The bypass surgery is done by removing a vein from the leg to use as a replacement artery, or by using the internal mammary artery in the chest to create a detour around the blockage or by removing the radial artery in the lower arm to use as the bypass graft.

The bypass procedure – double, triple or quadruple bypass -- may be defined by the number of grafts needed to bypass the diseased arteries.

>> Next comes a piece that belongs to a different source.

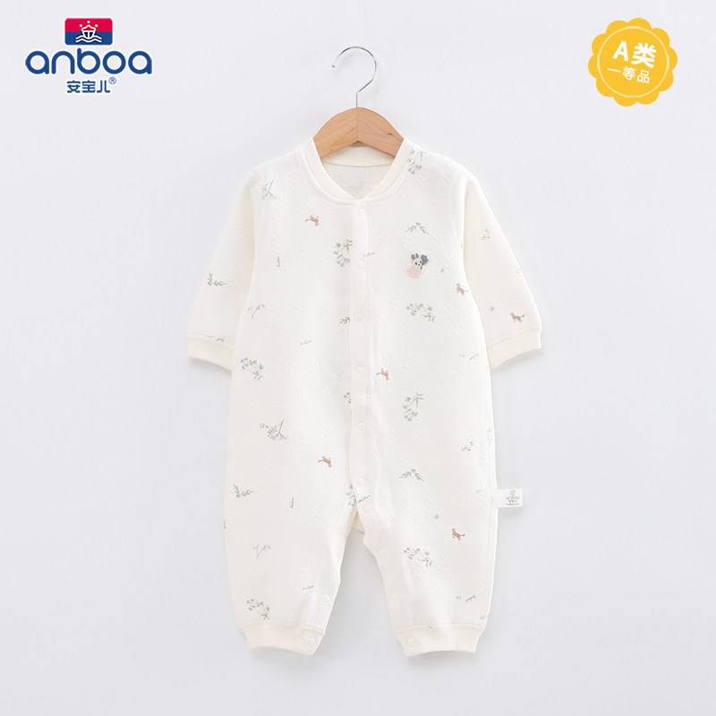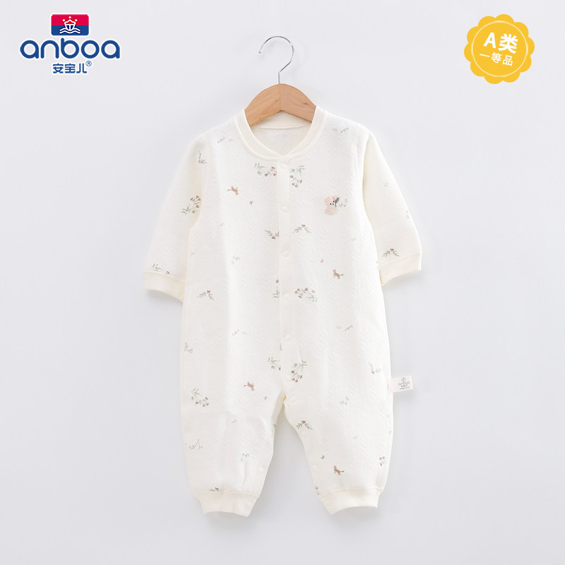 📚 安宝儿婴儿连体衣秋冬夹丝纯棉保暖新生儿衣服女宝宝哈衣爬服睡衣

The graft allows the blood to flow around the blocked or narrowed coronary artery. Bypass grafting which requires open heart surgery is most often reserved for cases of multiple narrowed coronary arteries.

Congenital heart disease
This is a heart–related problem that is present since birth. There are many different kinds of specific congenital heart defects. They may affect various heart structures, such as the valves, the veins leading to the heart, the arteries leaving the heart or the connections among these various parts including atrial septal defect (ASD).
Atrial septal defect (ASD)

This is a congenital heart defect in which a hole occurs between the heart’s two upper chambers (atria). atrium to the right atrium because the pressure is higher on the left of the heart than the right. The amount of blood flow shunted from the left side of the heart to the right depends on the size of the hole.

An ASD results in too much blood flow to the right side of the heart and lungs. The more blood that is diverted to the right side of the heart, the harder the lungs and right ventricle must work to compensate for the problem.

ASDs may be too small to cause any obvious symptoms until adulthood, or they may cause symptoms that resemble heart failure in infancy.

Valve repair
When the heart valves are not working properly, the surgeon may choose to repair or replace them. In valve repair, the surgeon usually modifies the tissue or underlying structures of the mitral or tricuspid valves.